Santé

JAMAIS SANS LA SCIENCE

La hausse de popularité des traitements alternatifs est une réalité pour le milieu médical. Le phénomène est si présent que l’Ordre des pharmaciens du Québec y consacre le plus récent numéro de son magazine L’Interaction.

L’Ordre constate qu’entre les produits biologiques et les articles vantant un mode de vie sain, « le “naturel” a particulièrement la cote ces temps-ci ». « Il n’est donc pas surprenant que certaines personnes se tournent vers les produits de santé naturels pour se soigner ou améliorer leur état de santé », est-il écrit.

Le pharmacien Olivier Bernard, connu pour son site internet de vulgarisation scientifique « Le pharmachien », estime que si les traitements alternatifs connaissent un tel essor, c’est qu’il existe actuellement un courant de « méfiance envers les grandes industries et les systèmes de santé » qu’on accuse de « manquer d’humanisme ».

Un avis partagé par Ariel Fenster, professeur de chimie et membre fondateur de l’Organisation pour la science et la société de l’Université McGill. 
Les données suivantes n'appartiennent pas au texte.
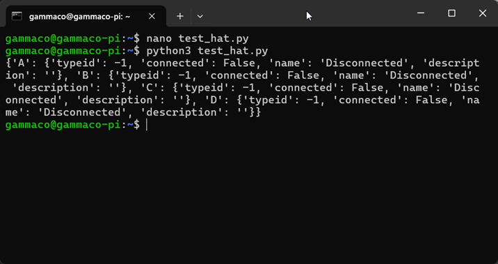 ผลลัพธ์ที่ควรได้รับ คือ ข้อมูลสถานะของ Build HAT แสดงออกมาทางหน้าจอ
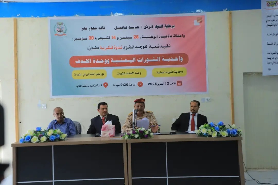 تواصلت في قيادة محور تعز الفعاليات الاحتفالية ابتهاجاً بأعياد الثورة اليمنية المجيدة، حيث نظمت شعبة التوجيه المعنوي، الأحد، ندوة فكرية بعنوان «واحدية الثورات اليمنية»، أحياها نخبة
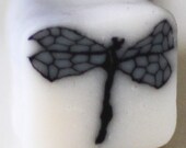 A dragonfly cane with dainty wings. The cane background is translucent polymer clay, making it perfect to use in layering, bead making or nail art. This type of cane is used to make the type of beads found in this section of my shop: http://www.etsy.com/shop/tooaquarius?section_id=11202909
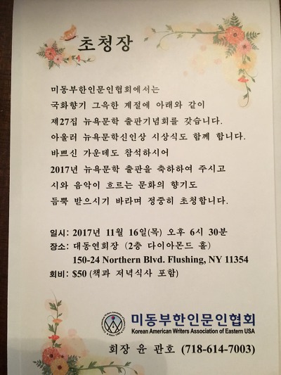1989년 창단이래 미동부한인문인협회는 지난 28년동안 미주한인문학의 발전을 도모하고 한인들의 문화적 정서를 풍요롭게 해주며 뉴욕과 미주사회에 한국문학을 소개하는 역할을 충실히 해왔습니다.
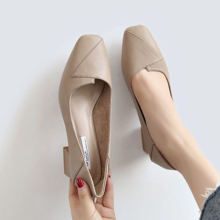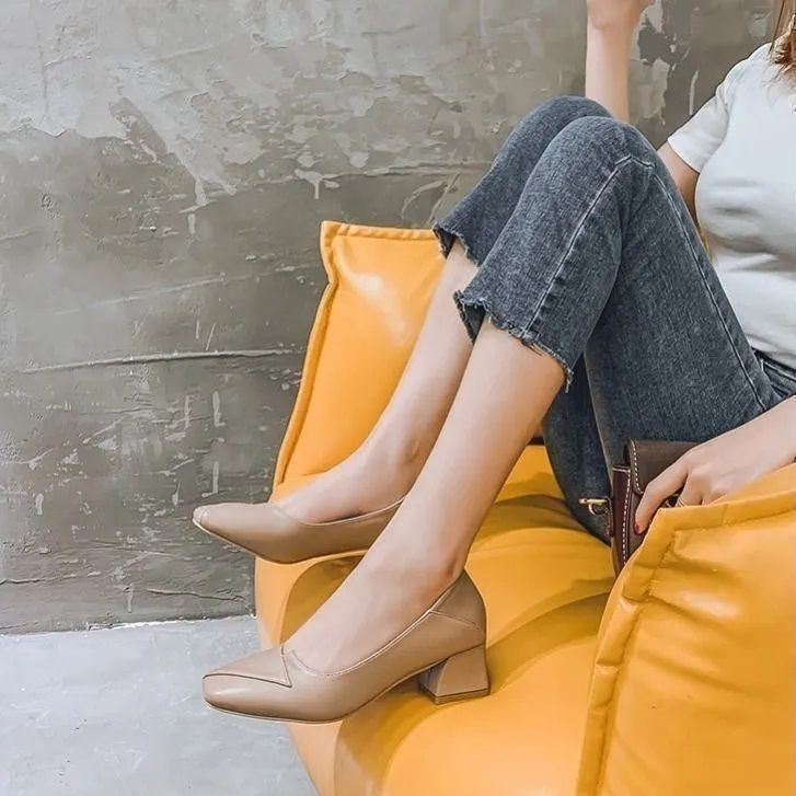 2025 새로운 하이 퀄리티 두꺼운 힐 우아한 얕은 하이힐 한국 다목적 전문 작업화 편안한 여성용 싱글 신발스토어 가기
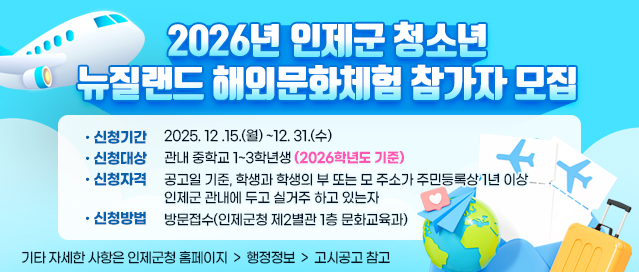 [스포츠서울ㅣ김기원기자]인제군이 오는 31일까지 ‘2026년 인제군 청소년 뉴질랜드 해외문화체험’ 참가자를 모집한다고 밝혔다.

« L’industrie pharmaceutique a mauvaise presse. Et les médecins n’ont pas le temps de s’occuper de leurs patients, contrairement aux gens qui pratiquent la médecine alternative. »

— Le professeur Ariel Fenster

Mais pour M. Fenster, les données scientifiques sont claires : les traitements alternatifs ne reposent sur aucune base scientifique. Aux États-Unis, le Centre national pour la médecine complémentaire et intégrative dépense plus de 100 millions par année en recherche et n’a pas encore trouvé de preuve scientifique montrant qu’une approche alternative est meilleure qu’un simple placébo, rapporte M. Fenster.

En 2006, le Collège des médecins du Québec publiait une brochure présentant une liste de questions que devraient se poser les patients avant de se tourner vers les traitements non reconnus.

« On a toujours fait des mises en garde sur les pratiques alternatives. Car beaucoup n’ont aucune reconnaissance scientifique », explique le président du Collège des médecins du Québec, le Dr Charles Bernard.

DES MÉDICAMENTS MAL TESTÉS

M. Fenster mentionne que, contrairement aux médicaments qui doivent prouver scientifiquement leur efficacité pour être commercialisés, les produits naturels et homéopathiques n’ont pas à remplir autant d’exigences pour être certifiés par Santé Canada.

Dans un reportage diffusé en 2015, l’émission Marketplace de CBC a démontré la faiblesse des certifications de Santé Canada pour les produits naturels en obtenant une certification pour un produit naturel n’ayant jamais existé en utilisant des photocopies d’une encyclopédie homéopathique datant de 1902.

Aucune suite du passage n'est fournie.